- **Exercise**
Your answer must restate the listing below word for word and contain no images.

- **Data extract**

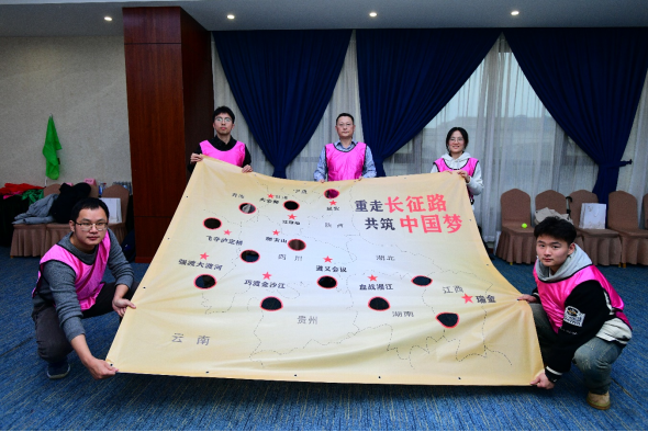 在素质拓展环节,与会人员通过参与“重走长征路”“党史知识大比拼”“凝心铸塔”等活动,在红色活动中重温党的光辉历史,在团队合作中增强凝聚力。通过亲身体验和团队合作,进一步增强了对党的认同感和归属感,提升了团队向心力和战斗力。
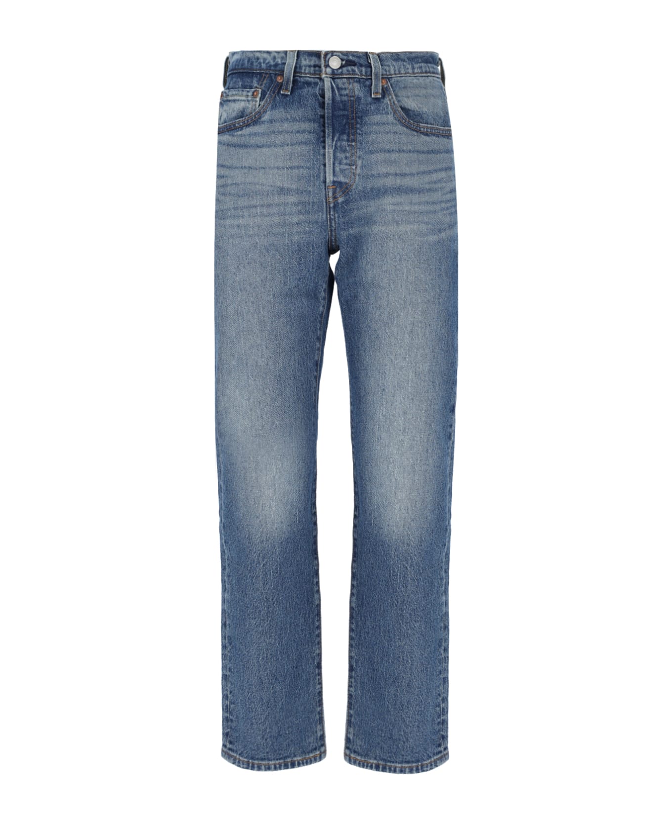 Levi's Strauss 501® jeans in blue denim with belt loops, button closure, five pocket design, logo patch on the back, red logo label on the back, and straight hem. Composition: 99% Cotton, 1% Elastane
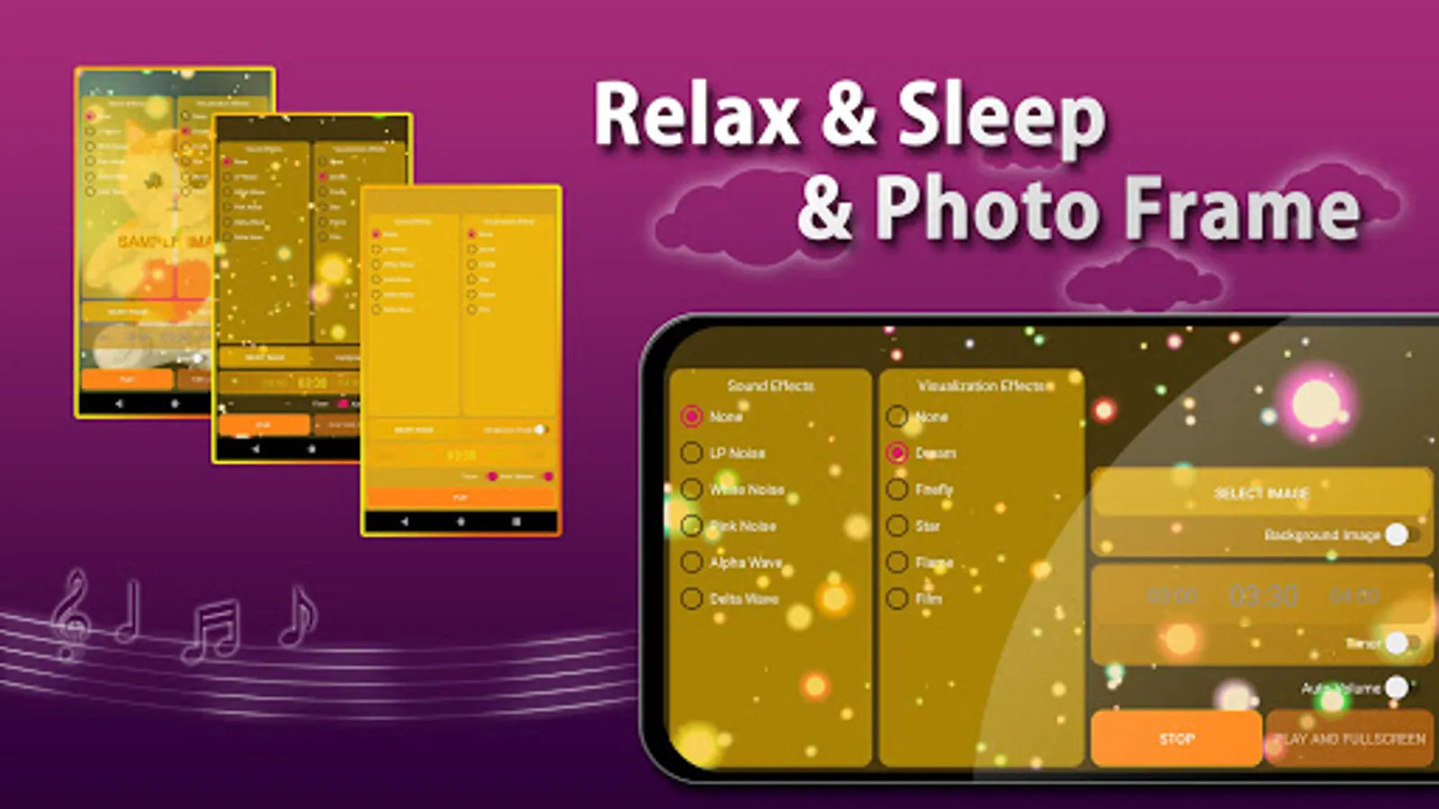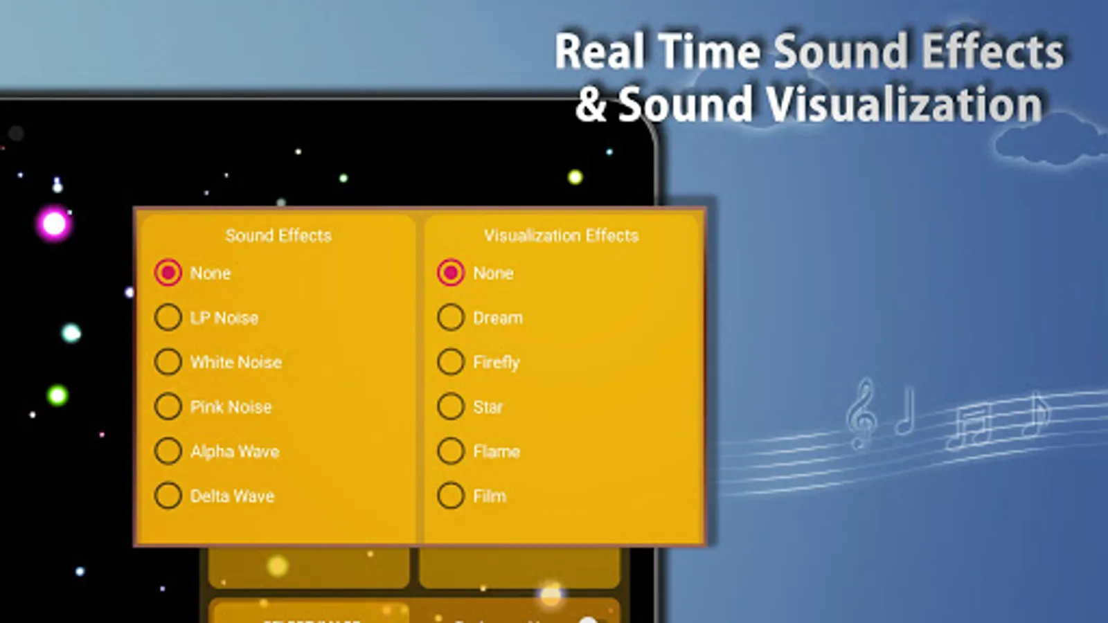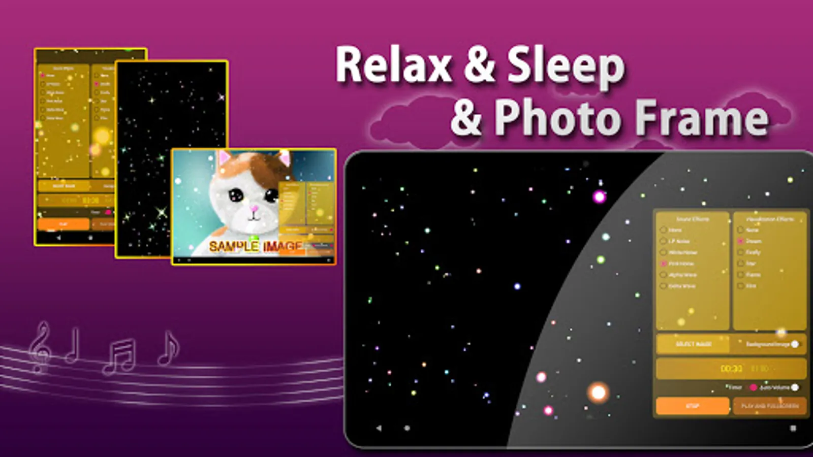 It supports various noise effects, visual effects that respond to sounds, and digital photo frames.
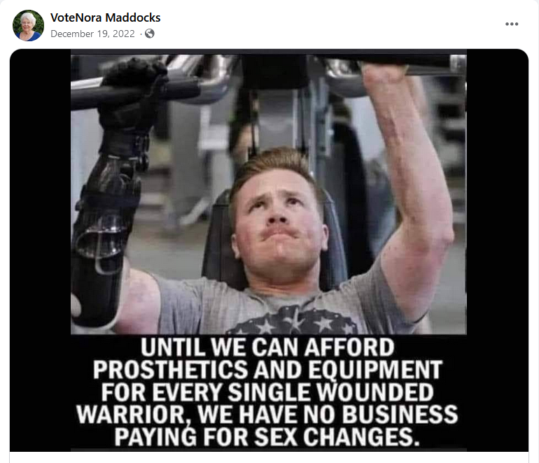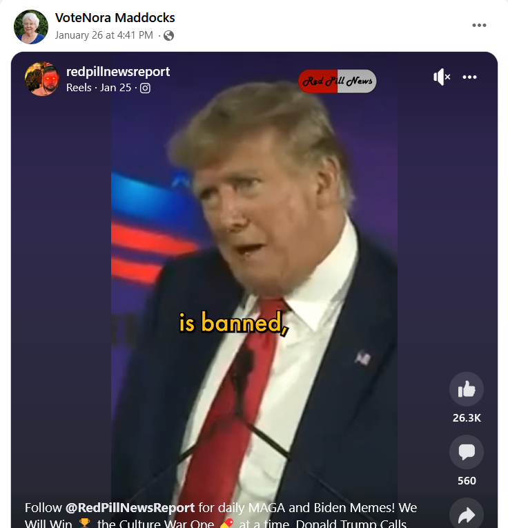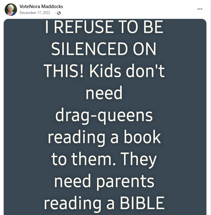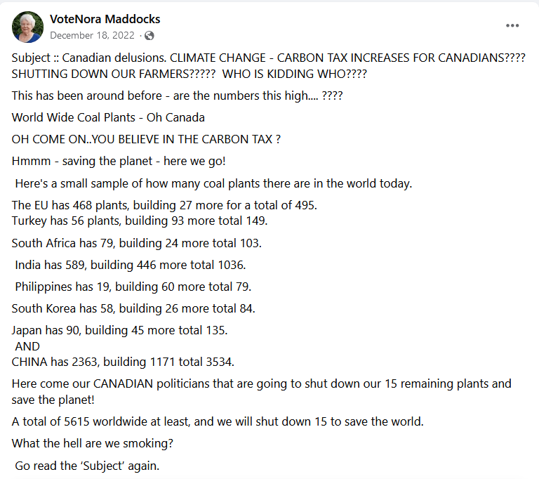 Nora is a fan of Rebel News, Donald Trump, Pierre Poilievre, and the usual far-right nonsense (transphobia, WEF conspiracies, chemtrails, climate change denial, etc.).

- **Reply**
 在素质拓展环节,与会人员通过参与“重走长征路”“党史知识大比拼”“凝心铸塔”等活动,在红色活动中重温党的光辉历史,在团队合作中增强凝聚力。通过亲身体验和团队合作,进一步增强了对党的认同感和归属感,提升了团队向心力和战斗力。
 Levi's Strauss 501® jeans in blue denim with belt loops, button closure, five pocket design, logo patch on the back, red logo label on the back, and straight hem. Composition: 99% Cotton, 1% Elastane
 It supports various noise effects, visual effects that respond to sounds, and digital photo frames.
 Nora is a fan of Rebel News, Donald Trump, Pierre Poilievre, and the usual far-right nonsense (transphobia, WEF conspiracies, chemtrails, climate change denial, etc.).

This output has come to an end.